RE: free float reduced?15 May 2021 13:05
I believe some warrants are issued within share price ranges, so if the company performs well and a share price is reached the warrants can exercised and the company receives further funding. The funder generally gets a handsome discount and may be allowed take the profit quickly, the company gets its funds, there is some share dilution and the PI gets to buy them at market rate if they are added to the free float. Recently He1 new shares dont make into public hands, which I think is a good sign, could be that they are being kept and not sold on, or going straight to private investors..
If the price range is not achieved then the warrants expire, unless the date is extended..

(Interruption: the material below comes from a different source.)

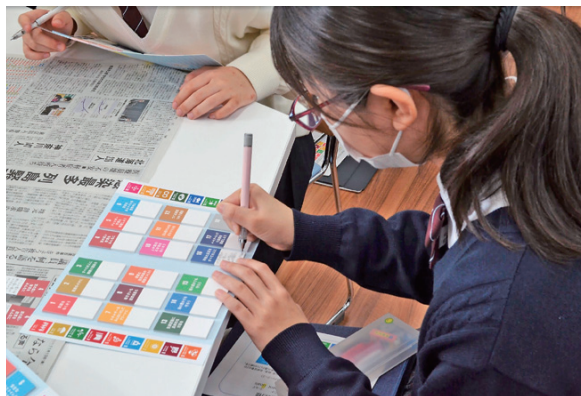
記事に該当すると思うSDGs付箋にコメントを記入
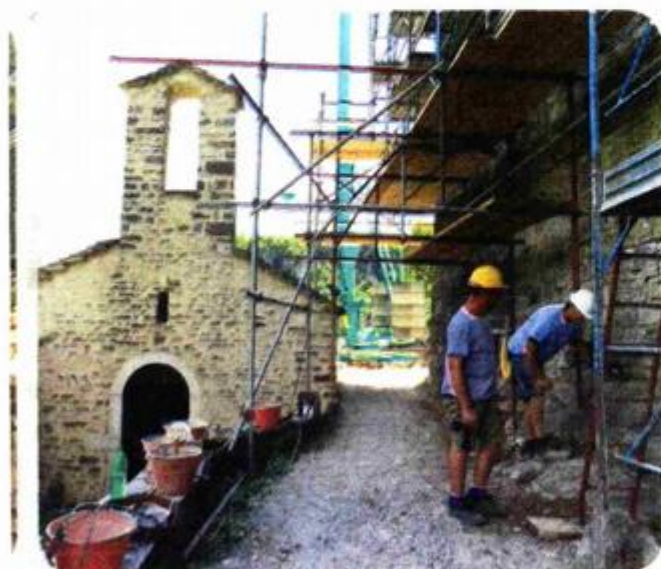
Građevinske radove izvodi Kapitel

Na sanaciji kaštela Petrapilosa, zaštićenog kulturnog dobra, radi se od 1995. godine. U fazama su odradene arheološka istraživanja i potpuna sanacija crkvice sv. Marije Magdalene, arheološka istraživanja unutrašnjeg dvorišta, građevinska sanacija središnjeg korpusa kaštela gdje su sanirani zidovi i spojevi palasa i kule, statički zahtjevni konstruktivni radovi. Do 2016. godine za radove i ulaganja na kaštelu te izradu prateće dokumentacije uloženo je sveukupno preko 4,7 milijuna kuna sufinanciranih sredstvima Ministarstva kulture, Istarske županije, Grada Buzeta te Regije Veneto.

So I guess those out of the money have been set at a price He1 are yet to achieve.
So I guess performance based funding..
There is more to warrants than that, some having no set price, depending on reason for issue
@jam2morrow
Some SCIR info, page 158 other transactions
Solo Oil plc a limited company of which Tom Reynolds is a director, was paid a fee of $11,000 for the year
ended 30 June 2020 for director services to the Company.
The Group provided services to the value of $5,000 to Solo Oil plc a limited company of which Tom Reynolds
is a director. This amount remains fully outstanding at year end.
For the year ended 30 June 2018, Solo Oil plc was issued 3,508,772 new ordinary shares in the Company
at a price of $0.285 per share for a total of $1,000,000 in lieu of consulting fees. Also, on this date the
Company issued 2,783,772 new ordinary shares in the Company to Solo Oil plc at a price of
$0.285 per share for a total of $793,375 as a replacement of 11,135,087 existing warrants.